Champ goes back to Fujikura shaft
An extra 10 yards of carry prompted Cameron Champ to swap his Fujikura Pro Tour Spec 63X driver shaft for an Accra TZP Prototype the week after his win at the Sanderson Farms Championship. The shaft proved to be a temporary change for Champ, who reverted back to Pro Tour Spec at Sea Island after Fujikura Tour rep Pat McCoy showed him data from his week in Las Vegas — the week he made the change — compared to his win at Sanderson.
According to McCoy, the data revealed the Accra shaft was not launching higher like they wanted and actually adding spin in the process.

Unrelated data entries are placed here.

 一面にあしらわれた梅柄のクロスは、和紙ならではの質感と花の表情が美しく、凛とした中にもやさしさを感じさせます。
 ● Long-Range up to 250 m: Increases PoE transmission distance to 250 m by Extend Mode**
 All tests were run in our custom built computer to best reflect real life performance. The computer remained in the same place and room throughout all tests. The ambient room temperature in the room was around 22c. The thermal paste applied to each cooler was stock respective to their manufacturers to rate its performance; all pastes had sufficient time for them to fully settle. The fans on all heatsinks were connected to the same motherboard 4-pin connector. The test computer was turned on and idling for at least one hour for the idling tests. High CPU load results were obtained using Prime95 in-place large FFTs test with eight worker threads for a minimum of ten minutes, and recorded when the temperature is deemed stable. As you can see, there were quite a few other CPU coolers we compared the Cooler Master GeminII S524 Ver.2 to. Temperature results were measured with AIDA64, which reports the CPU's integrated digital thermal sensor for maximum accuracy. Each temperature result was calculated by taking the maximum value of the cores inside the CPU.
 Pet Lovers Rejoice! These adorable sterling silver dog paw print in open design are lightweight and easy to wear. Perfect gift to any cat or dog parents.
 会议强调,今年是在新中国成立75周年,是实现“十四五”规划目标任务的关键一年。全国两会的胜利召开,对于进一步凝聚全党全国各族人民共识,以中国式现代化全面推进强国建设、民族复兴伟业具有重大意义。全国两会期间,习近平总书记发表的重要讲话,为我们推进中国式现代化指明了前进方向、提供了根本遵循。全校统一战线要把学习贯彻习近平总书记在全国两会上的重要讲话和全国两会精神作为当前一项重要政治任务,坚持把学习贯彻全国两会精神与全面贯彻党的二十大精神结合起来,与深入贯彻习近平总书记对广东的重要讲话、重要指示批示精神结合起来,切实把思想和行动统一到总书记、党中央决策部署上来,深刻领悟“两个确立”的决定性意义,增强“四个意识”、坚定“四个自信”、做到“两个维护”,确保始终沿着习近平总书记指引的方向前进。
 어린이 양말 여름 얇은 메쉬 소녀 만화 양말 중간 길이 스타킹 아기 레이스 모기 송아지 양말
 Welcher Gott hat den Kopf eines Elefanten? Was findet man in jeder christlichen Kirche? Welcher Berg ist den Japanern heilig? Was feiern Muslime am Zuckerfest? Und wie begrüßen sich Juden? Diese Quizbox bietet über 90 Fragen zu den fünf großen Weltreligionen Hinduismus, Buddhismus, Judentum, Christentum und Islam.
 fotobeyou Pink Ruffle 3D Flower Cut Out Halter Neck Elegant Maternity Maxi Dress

Following head-to-head testing, Champ noted Pro Tour Spec was more stable with a tighter dispersion. In addition to testing Pro Tour Spec, McCoy built Champ one of Fujikura’s new Ventus 60X shafts to test during the brief winter break.
Rory changes driver shafts, tweaks weight settings
Struggling with a right miss for most of the year, Rory McIlroy worked with TaylorMade Tour rep Adrian Rietveld, prior to the final round of the Nedbank Golf Challenge, to rectify the problem. McIlroy settled on Mitsubishi’s Tensei CK Pro White model, but the shaft just happened to be one part of the wholesale changes made to his driver build.

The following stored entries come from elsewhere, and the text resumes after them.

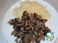 Для начинки мы обжариваем лук, грибы и фарш. Трем сыр, перемешиваем все вместе. |
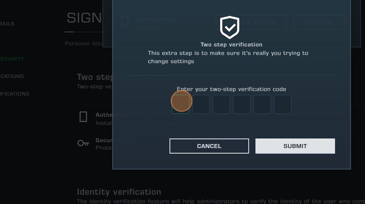 5. To change the authenticator device, enter the two-step verification code from the current authenticator.
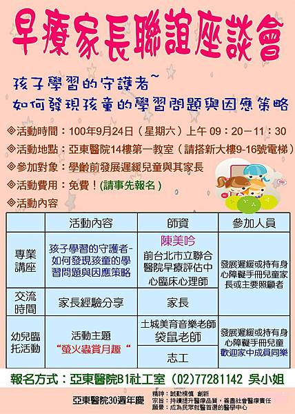 辦理日期:100年9月24日(六) 上午9:20-11:30。

Rory McIlroy mentioned he made some adjustments to the weights in his TaylorMade M3 driver this week. I’d say so. Went from lower launch and spin to high bomb draw. pic.twitter.com/ewQYMnvWw6
— Jonathan Wall (@jonathanrwall) November 15, 2018
McIlroy also repositioned the two adjustable weights in the sole, moving them from a low launch/spin setting to a high draw that’s been his go-to shot shape for years.
Honma equipment rumors
Justin Rose’s recent link with Honma Golf led many to wonder how big of a presence the Japanese-based equipment manufacturer could have on Tour this season. According to industry sources with knowledge of Honma’s dealings, the staff could be as big as four, with at least two more additions on the PGA Tour and a marquee fiftysomething on PGA Tour Champions.
JT testing new Titleist Pro V1x
Nine players are currently playing Titleist’s new Pro V1 (4) and Pro V1x (5) prototypes on Tour, which were introduced in Las Vegas at the Shriners Hospitals for Children Open. It’s possible Justin Thomas could be on the list of ball converts in the coming months — potentially at the Hero World Challenge — following an extensive testing session with Titleist Tour rep J.J. Van Wezenbeeck and golf ball R&D rep Fordie Pitts at The Bears Club in Jupiter, Florida.

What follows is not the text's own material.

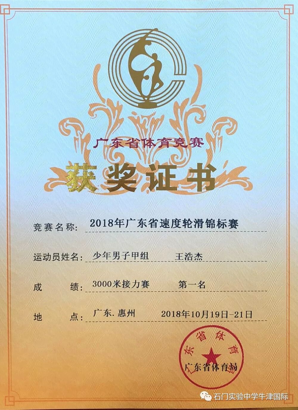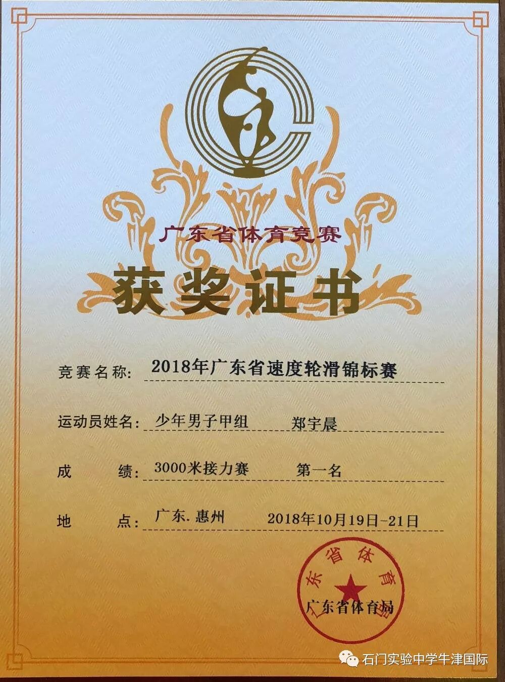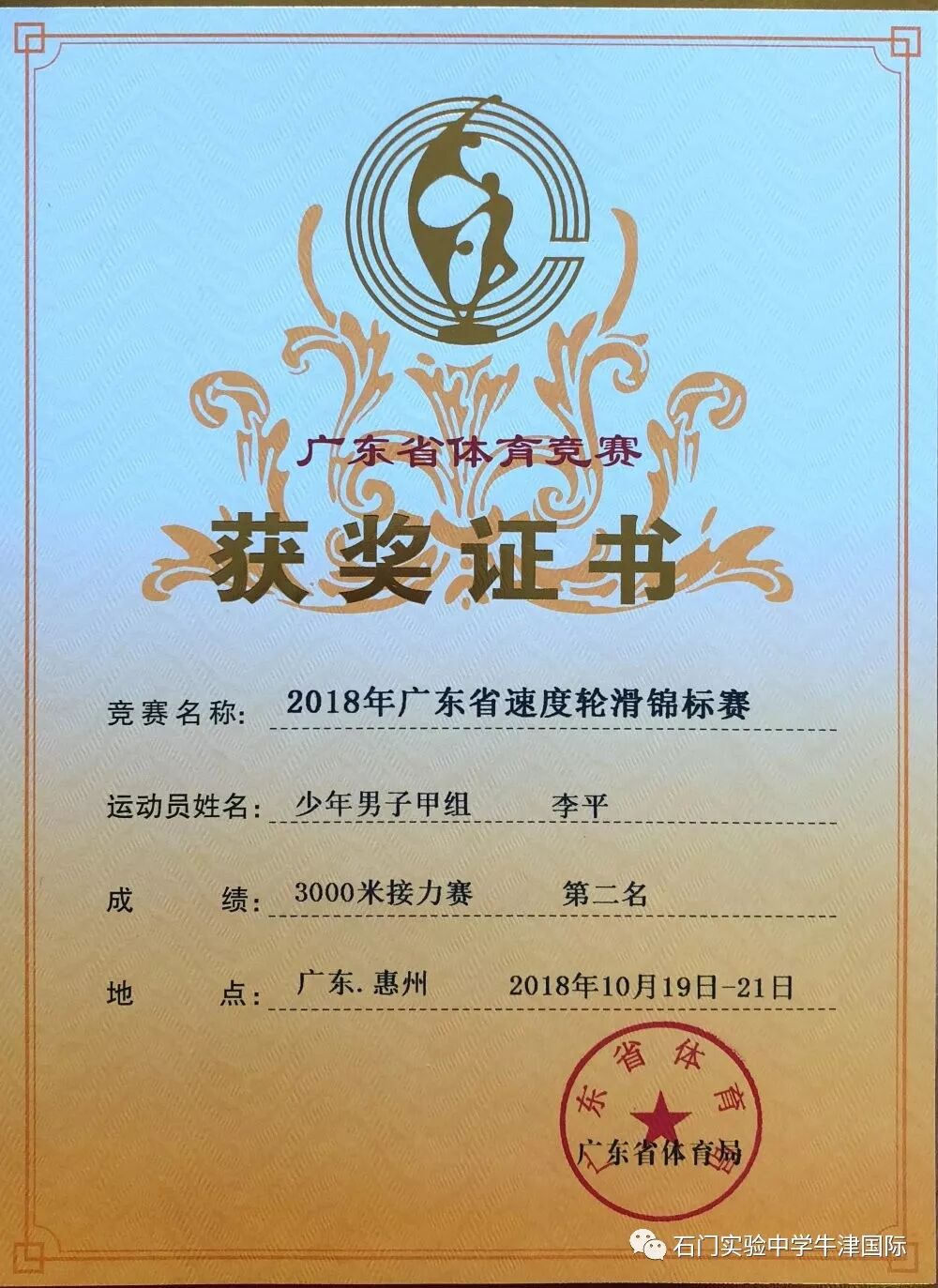 牛津国际学子代表石门实验中学参加了2018年广东省速度轮滑锦标赛,从800多名选手中脱颖而出,斩获傲人佳绩。

Thomas posted a photo on his Instagram account from the seven-hour session that highlights just how much time goes into changing equipment — in particular, the golf ball.
During an interview last year, Thomas went out of his way to highlight the relationship he has with Titleist’s Tour reps and the role they’ve played in his success on Tour.
“They’re really good at their job and I have a great dialogue from talking to them every week when I’m out on Tour,” he said. “We’re friends outside of golf. Having that kind of comfort level makes it easy to trust their insight and opinions when I’m testing, so if they tell me a certain ball is generating too much spin for my game, I’ll go with what they are telling. That’s how much I value their opinions and insight.”
Ping wins driver count
Ping’s G400 driver was arguably one of the most popular drivers on Tour during the 2017-18 Tour season. The trend continued at the RSM Classic with Ping winning the driver count. Of the 40 drivers in play, a whopping 39 were from the company’s G400 family (20 LST, 13 Max and 6 Standard); only Andrew Landry’s G30 kept G400 from going a perfect 40-for-40.
The most interesting equipment nugget from Ping’s driver count win was that nearly half of the G400 users in the field (17) were non-contract players. Masters winner Patrick Reed is the biggest name using G400 without a contract at the moment.
Titleist breaks ball count record
Back in July, Titleist broke the 80 percent usage mark at the John Deere Classic (81 percent) for the first time in a 156-player field, according to Darrell Survey records dating back to 1996. Titleist bested the number at the RSM Classic with 83 percent, which equated to 129 of the 156 players in the field. The nearest competitor boasted 12 players.